Por eso andaba con su bastón recorriendo juventudes para llamarlos a participar en los cambios de la nación. Les anunciaba sin pelos en la lengua que la sociedad cubana saldrá de la prisión del Estado. Y profetizaba que «el Estado soltará su presa, quiera o no quiera». 

Hace unos años fui invitado a un coloquio por un grupo de profesores y alumnos de periodismo de la Universidad de Las Villas. Ese mismo día habían estado con Alfredo y llegaron perplejos, los zarandeó exigiéndoles que peleen por hacer un periodismo reflejo de la realidad. 

Desplegó la bandera de su socialismo libertario y salió a encender fuegos en las almas de los jóvenes sembrando en sus mentes ideas irreverentes. Proponiéndoles que se conviertan en dueños de su tiempo y se atrevan a modelar la nación a su imagen y semejanza. 

Alfredo no estaba haciendo nada nuevo, nada que no hubiera hecho ya con un cine cubano que desde sus primeros pasos se convierte en conciencia crítica de la sociedad y santuario para tantos directores, músicos y trovadores prófugos de la injusticia. 

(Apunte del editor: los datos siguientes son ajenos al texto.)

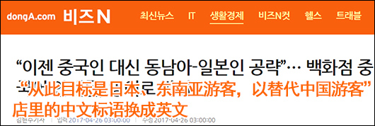另外,乐天还改变了"五一"促销策略,相关人士说:"我们正在改变以吸引中国游客为主的政策。"
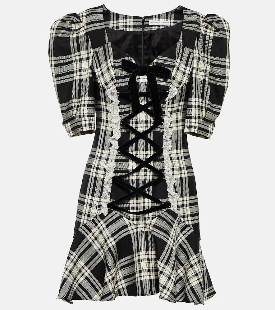 Material III: 100% polyamide. Made in Italy. Material IV: 100% polyamide. Designer color name: Black White. Closure: invisible zipper. Material II: 40% polyamide, 60% viscose. Material: 100% wool. Care instructions: dry clean. Lining: 100% cupro. Lining II: 100% polyamide. Shop the latest Alessandra Rich Mini Dresses for women.
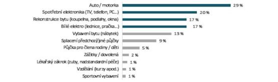 Nejčastěji si bereme úvěr na auta/motorky, spotřební elektroniku (mobily, počítače atd.) a bílé zboží. V polovině případů mají lidé 1 půjčku. Úvěr do výše 100 tisíc Kč přiznává 35 % respondentů, zhruba stejný počet Čechů nechce výši své půjčky sdělit.
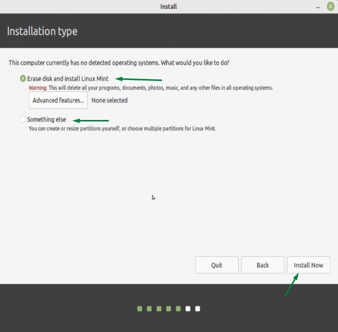 - Now you have two options for desktop installation: you can erase the whole disk for desktop installation or select the second option to manually create partitions for your installation.
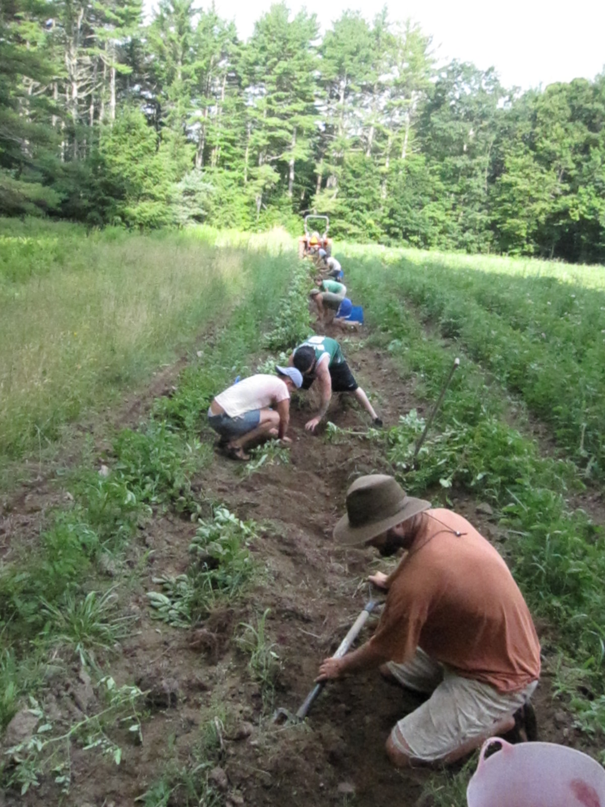 Our row of potato diggers! The first potato harvest of the season. Our crew carefully dug the ruby gems out of the soil first thing Saturday morning, before the heat fully set in.
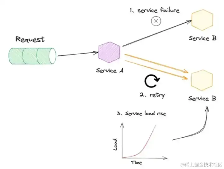 入口请求大量堆积,CPU、内存等资源被逐渐耗尽,最终导致服务宕掉。
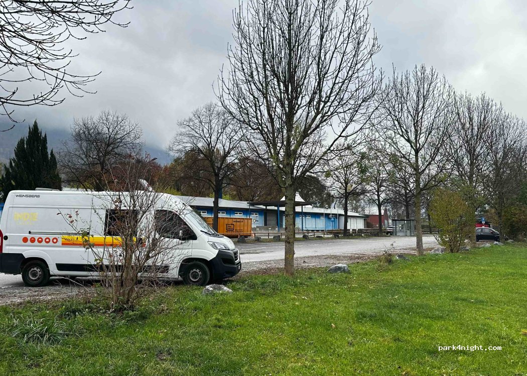 The parking lot is big, also on the field, so when the people from the pool are gone, you are there alone in the middle of the field, so its great. From 7am to 5pm you pay, but its pretty cheap and worth it +1 free hour. We slept there two nights, and it was great. No noise, beautiful river just behind that you can swim in and lots of mountain trails. Great for bikers, walkers or chillers:-)
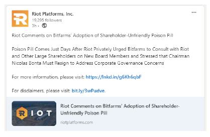 Riot cautions Riot shareholders, Bitfarms shareholders and others considering trading in Riot securities or Bitfarms securities that the proposal Riot has made for a business combination transaction with Bitfarms is non-binding, does not constitute and should not be construed as an offer or intention to make an offer directly to Bitfarms shareholders, and there can be no assurance that any definitive offer will be made by Riot, that Bitfarms will accept any offer made by Riot, that any agreement will be entered into by Riot and Bitfarms or that the proposal or any other transaction will be approved or consummated. Riot does not undertake any obligation to provide any updates with respect to the proposed transaction, except as required by applicable law.
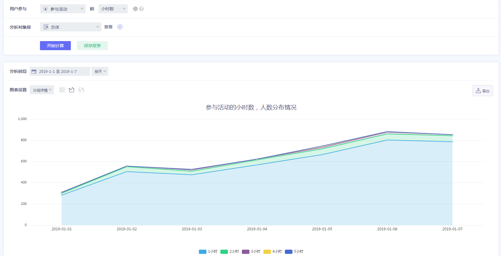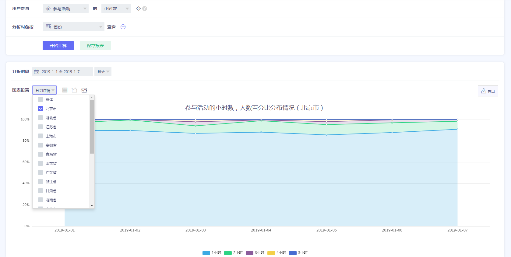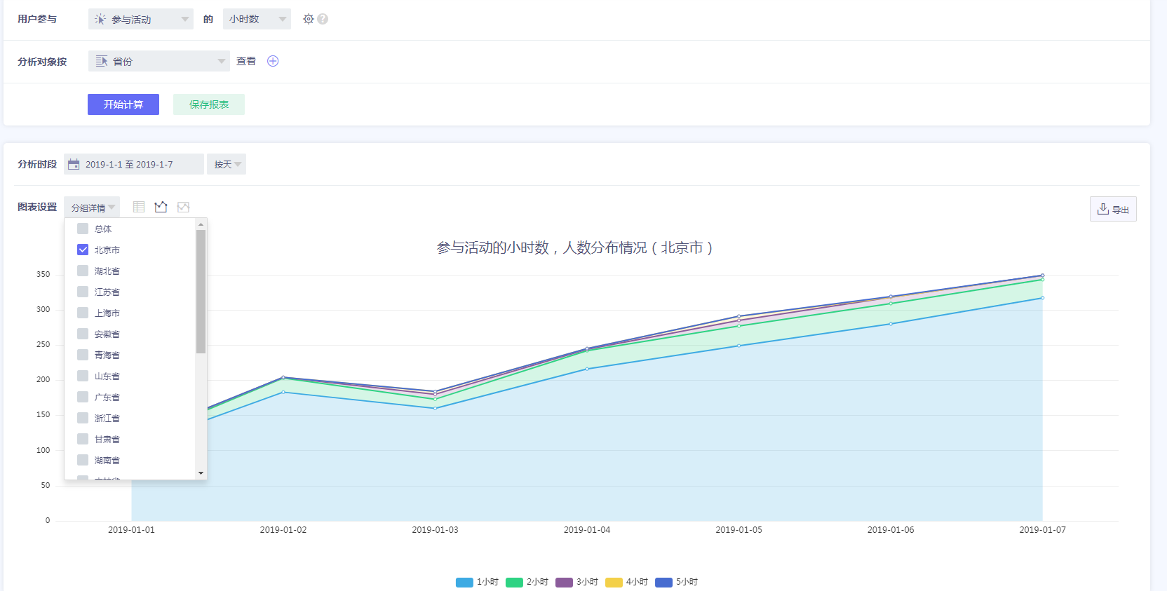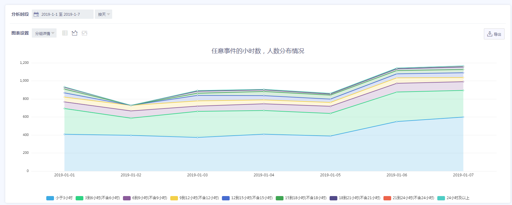 有分析时段、分析粒度、分组选中项、图表样式可供选择,可导出表格或全量下载数据。

Ahora vuelve a andar libre, sin el cuerpo viejo ni el incómodo bastón. Por eso no eligió la paz del cementerio sino la agitada escalinata de la universidad, donde podría estar cerca de los muchachos y de las muchachas, que son la Cuba que viene. 

Él mismo fue parte de esa patria joven cuando se enfrentó a la dictadura de Batista, cuando defendió la cultura cubana del estalinismo de manual soviético y también a sus 80 y tantos, cuando proclamó que el Estado no es Dios para estar en todas partes. 

A Alfredo no se le puede dejar descansar, habrá que volver a él desenterrando décadas de debates culturales, explorando los otros caminos que pudieron ser y estudiando sus conferencias a los jóvenes, porque ahí la nación encontrará semillas para su constante renacer.